During an interview on 02/07/13 at 0830 hours, with the Employee #18 evaluating Pt #17, he explained that patients cannot wait for beds at this hospital because there are only 3 assessment and referral rooms and they're very small. He will transfer the patient to another ER, even if they do not provide psychiatric care, because it is safer for the patient.

Employee #18 had the parents sign a form titled Informed Consent to Refuse which included: "...(Name of Hospital #1) and the treating provider have informed me of the benefits that might reasonably be expected from the offered services are: safe transport to the ER...receive immediate treatment en route to ER...quicker admission to ED...and the risks of refusing these services are: patient could commit suicide en route to hospital...."

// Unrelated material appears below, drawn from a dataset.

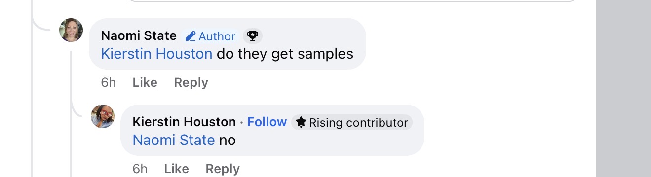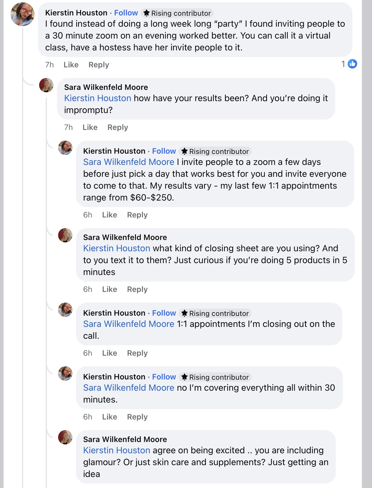 Chelsea Adkins’s downline Kiersten Housten shares that she invites folks to a 30 minute Zoom. She’s been seeing $60-$250 for each Zoom. She does NOT send samples.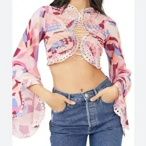 Final price ✨NWT Free People “Eyes on You” lace crop size small. Brand new, gorgeous and unique top with no flaws. Price is firm and all sales final.

Employee #18 was asked why he had the parents sign a refusal form for transfer since they were agreeable to take their son to another hospital. He explained it was because they refused the first choice (sister facility in Glendale, hospital # 6).

The medical record did not contain documentation of the sending hospital calling the receiving hospital for acceptance of the patient. Employee #4 confirmed they did not have documentation from the accepting hospital for Pt #17.